## Data excerpt

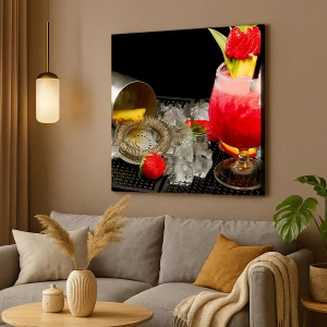„Conjure Flavor“ ist ein dynamischer Leinwanddruck, der einen bunten Cocktail mit Erdbeeren, Ananas und Eiswürfeln zeigt. Diese Szene voller Frische und Energie passt perfekt in moderne Interieurs und zieht mit ihren intensiven Farben und dem Kontrast vor dem schwarzen Hintergrund die Blicke auf sich.
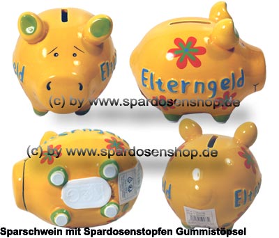 Sparschwein „Elterngeld“ – witziges Sparschwein Dunkelgelb
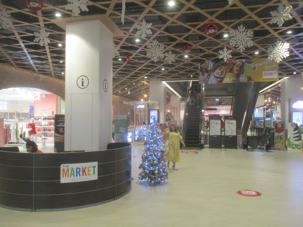 約1カ月ぶりにザ マーケット バンコクに訪問しました。12月になり店内外はクリスマスのディスプレイが施されていました。エントランスにはクリスマスツリーが飾られており、チットロム駅周辺のショッピングセンターは、すっかりクリスマスのモードになりました。

## Exercise requirements
For this exercise, repeat word for word only the lines from the one containing "witziges Sparschwein Dunkelgelb" through the end of the data, including both. Pictures do not go in the copy.

## Written answer
 Sparschwein „Elterngeld“ – witziges Sparschwein Dunkelgelb
 約1カ月ぶりにザ マーケット バンコクに訪問しました。12月になり店内外はクリスマスのディスプレイが施されていました。エントランスにはクリスマスツリーが飾られており、チットロム駅周辺のショッピングセンターは、すっかりクリスマスのモードになりました。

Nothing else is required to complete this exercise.